In the path of “nu gaze” came a shoegaze revival in the hardcore scene, as bands including Whirr, Nothing and Deafheaven – the latter of whom’s 2013 album Sunbather, established the subgenre of “blackgaze”, black metal and shoegaze – reimagined shoegaze’s experimental nature by rooting it within punk and metal’s structures, creating an atmosphere that grounded the sound in its chords but allowed for expansiveness, too. Philadelphia, Pennsylvania, (where Nothing formed) became the unofficial home of “post-shoegaze”, as bands like Knifeplay and They Are Gutting a Body of Water became associated with shoegaze’s sonic influence, while paving the way for their own brands of experimental sound.
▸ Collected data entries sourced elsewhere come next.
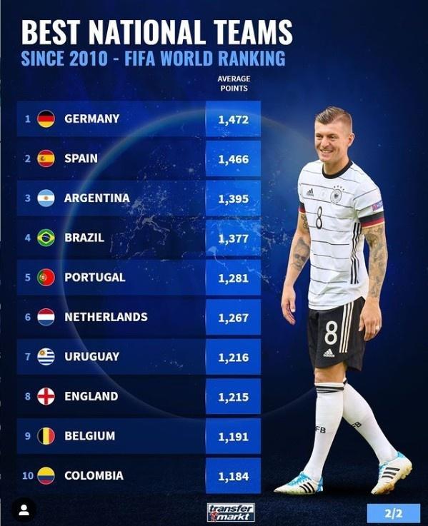 JRS直播网讯紧随其后的是1466分的西班牙,梅西的阿根廷积1395分排名第三,巴西积1377分排名第四。
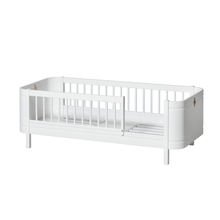 Das Kinderbett Wood Mini+ des dänischen Labels Oliver Furniture besticht durch sein einzigartiges Design und die langfristige Nutzungsmöglichkeit. Mit seinen großzügigen Maßen bei gleichzeitig schlanker Statur wächst das Juniorbett aus massiver FSC-zertifizierter Eiche und Birke mit Ihrem Kind bis ins Schulalter mit. Damit schafft Oliver Furniture nicht nur ein qualitativ hochwertiges, sondern auch nachhaltiges Möbelstück, das über Generationen hinweg Freude macht. Für extra Sicherheit sorgt der mitgelieferte Rausfallschutz, der bei Bedarf am Bett montiert werden kann.
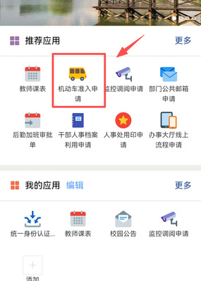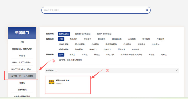 (2)在所属部门一栏选择保卫处(部)、人民武装部,随后选择机动车准入申请。
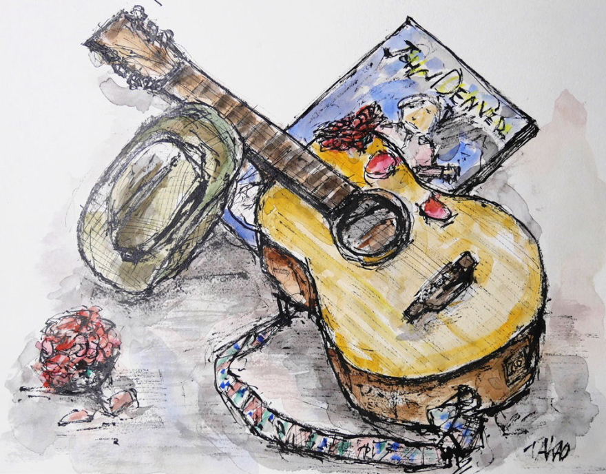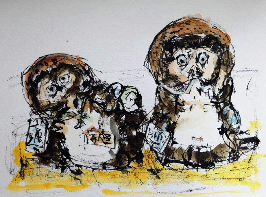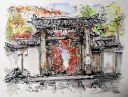 | 旅先で小さな紙に落書きのようなペン画を描いて色をつけ絵日記のように楽しんでいました。葦ペンに出会ってからは大きな紙に描くことにも挑戦しています。ペン画は色を入れたとたんイメージが変わってしまいがっかりすることも多いです。やはり水彩画の基礎を学んでいないせいでしょうか、難しいです。 |
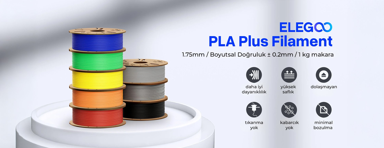 Elegoo PLA Plus, 3D baskı projelerinizde hem sağlamlık hem de güvenilirlik arayanlar için tasarlanmış geliştirilmiş bir PLA formülüdür. Birinci sınıf çevre dostu malzemelerden üretilen bu filament, tutarlı ve kokusuz bir baskı deneyimi sunar.
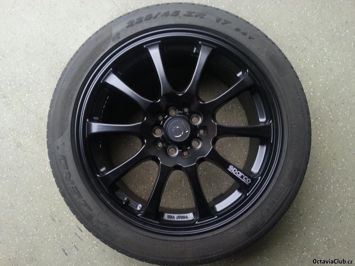Prodám sadu 4 ks Alu kol SPARCO Drift by OZ 8x17, 5x100, ET48, průměr středové díry 63,4, černý mat - v perfektním stavu bez jediného škrábance, vč. matic a středových kroužků. Obuto na letních pneu PIRELLI P Zero, 225/45, ZR 17, 94Y s hloubkou dezénu 6,5 mm. Prodává kamarád tel. 606 748 012. Prodávám z důvodu změny vozu. Pouze osobní odběr Brno nebo Uh.Hradiště. Cena za kompletní sadu 10.900,-Kč
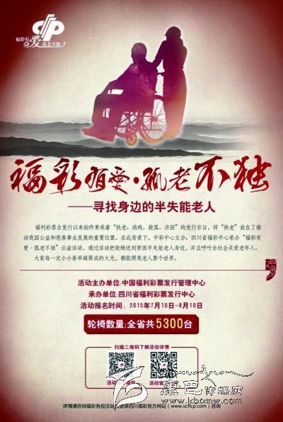 為踐行福利彩票“扶老、助殘、救孤、濟(jì)困”宗旨,州福彩中心將在全州范圍內(nèi)開(kāi)展“福彩有愛(ài)·孤老不獨(dú)”大型慈善公益活動(dòng),特向我州貧困半失能老人免費(fèi)贈(zèng)送福彩愛(ài)心輪椅。

Then, shoegaze coincided with yet another wave: this time, within the virality of TikTok fame. Love or hate the platform, the ability to utilise the app’s music feature to soundtrack fleeting moments of fandom, memory, hilarity and more meant that shoegaze could be revived in short-form content. Gen Z latched on to the genre’s blend of whimsy and sorrow, using the likes of Slowdive and My Bloody Valentine to set music to documentations of their day-to-day. In the early 2020s, shoegaze seemed the perfect companion to the strange, unknown futures that everyone was confronting, particularly the younger generations that found solace in its emotional undertones. 

Surely, young fans’ fixation with seemingly everything that the 1990s produced, as the last truly analogue decade, assisted in the growing fascination with shoegaze, once again. Some called this next wave “zoomergaze” – first written by Harvey Solomon-Brady for WhyNow – heard in bands like Wisp and Jane Remover, representing shoegaze’s return in a consumptive digital age. This persists today, as bands including Fleshwater, Turnstile and Glare continue to imagine shoegaze’s merging with niches of rock and metal, remaining faithful to shoegaze’s insistence on expanding the wavelengths of the electric guitar.

“Shoegaze” may have begun as a divisive label, but it has since come to define one of music’s most compelling subgenres that surely has shifted musicians’ approaches to craft.